Chicago Manual of Style Online:

Texted is correct. Adding ed is the standard way to make a verb past tense, so with a new verb like text, that’s the default. With increased usage, a nonstandard past tense could eventually establish itself, but until then, use the standard verb form.

At OED online (edited) entry on ‘text’ as a verb:

Now rare.

1.  A.  transitive. To inscribe, write, or print in a text-hand or in capital or large letters. Also figurativeObsolete.

1600    Shakespeare Much Ado about Nothing  v. i. 179 [this is Claudio speaking]   Yea and text vnder-neath, here dwells Benedick the married man.

1607    T. Dekker Whore of Babylon sig. I4   Vowes haue I writ so deepe,..So texted them in characters capitall, I cannot race them.

1621    J. Fletcher et al.  Trag. of Thierry & Theodoret  ii. i. sig. D1   Condemne me, for A most malicions [sic] slanderer: nay, texdeit Vpon my forehead.
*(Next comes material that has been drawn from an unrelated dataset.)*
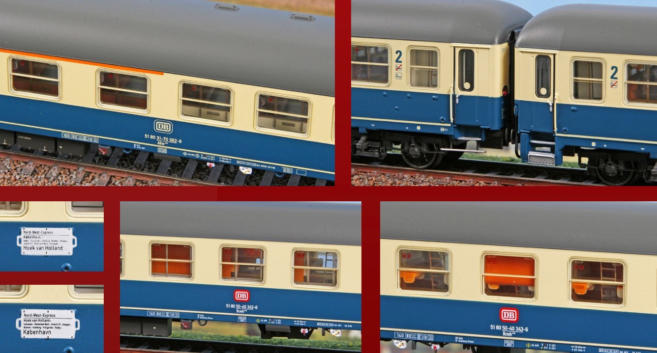 Set Nord West Express 236/237 „Hoek van Holland – København – Helsingør“, bestehend aus einem Liegewagen Bcmh246 DB, einem Wagen 2. Klasse Bm234 DB und einem Wagen 1/2 Klasse ABm225 DB.

1624    T. Heywood Γυναικεῖον  vii. 315   That such as..past.. might read them as perfectly and distinctly, as if they had beene textedin Capitall Letters.

[My note: That Shakespearean usage is interesting; it looks to me, in context, that it’s the future form, for Claudio characteristically continues the chaffing at Benedick’s expense, started in the previous speech by Don Pedro: ‘But when shall we set the savage bull’s horns on the sensible Benedick’s head?’ i.e. ‘[when shall we] text underneath…’; so, not the past tense. Interestingly, those citations from Dekker, Fletcher and Heywood all have the –ted ending. But this is a different semantic sense from the modern ‘messaging’, so not really comparable. But it does at least establish that the –ted ending was considered acceptable at that time.]

 [OED] Draft additions March 2004 to ‘text’ as verb: transitiveTelecommunications. To send (a text message) to a person, mobile phone, etc.; to send a text message to. Also intransitive: to communicate by sending text messages…

2001    Leicester Mercury (Electronic ed.) 31 July   I texted my mother and my friends when I got my results.

Hardly a canonical citation, but worthy of note.

OED also has:

texted, adj.

Obsolete.

  1. Skilled or learned in ‘texts’ or authors. rare.(In this sense texted wel (v.r. text wel) appears in one group of Chaucer MSS., where another has textuel. The latter was probably the original reading, but the change in some MSS. perhaps implies that texted was known.)

14..    Chaucer’s Manciple’s T. (Harl.) 131   But for I am a man not texted wel [so Corp.; Lansd. texed, Petworth text; 3 MSS. textuel] I wil not telle of textes neuer a del.

14..    Chaucer’s Manciple’s T. 212   But as I sayd, I am nought tixted wel [Corp., Petworth, Lansd. text; 3 MSS. textuel, -eel, tixt-].

2. Written in text-hand or text-letters; engrossed.

1620    T. Dekker Dreame sig. A2   They beg nothing, the Texted Past-bord talkes all; and if nothing be giuen, nothing is spoken.

1695    London Gaz. No. 3125/4   Texted Indentures for Attorneys.

To sum up: most people defend their usage of one or other of these forms, “text” or “texted”, by saying: ‘it just sounds right’. Each to his (or her) own, I say. Let’s just not be prescriptive or pedantic about it.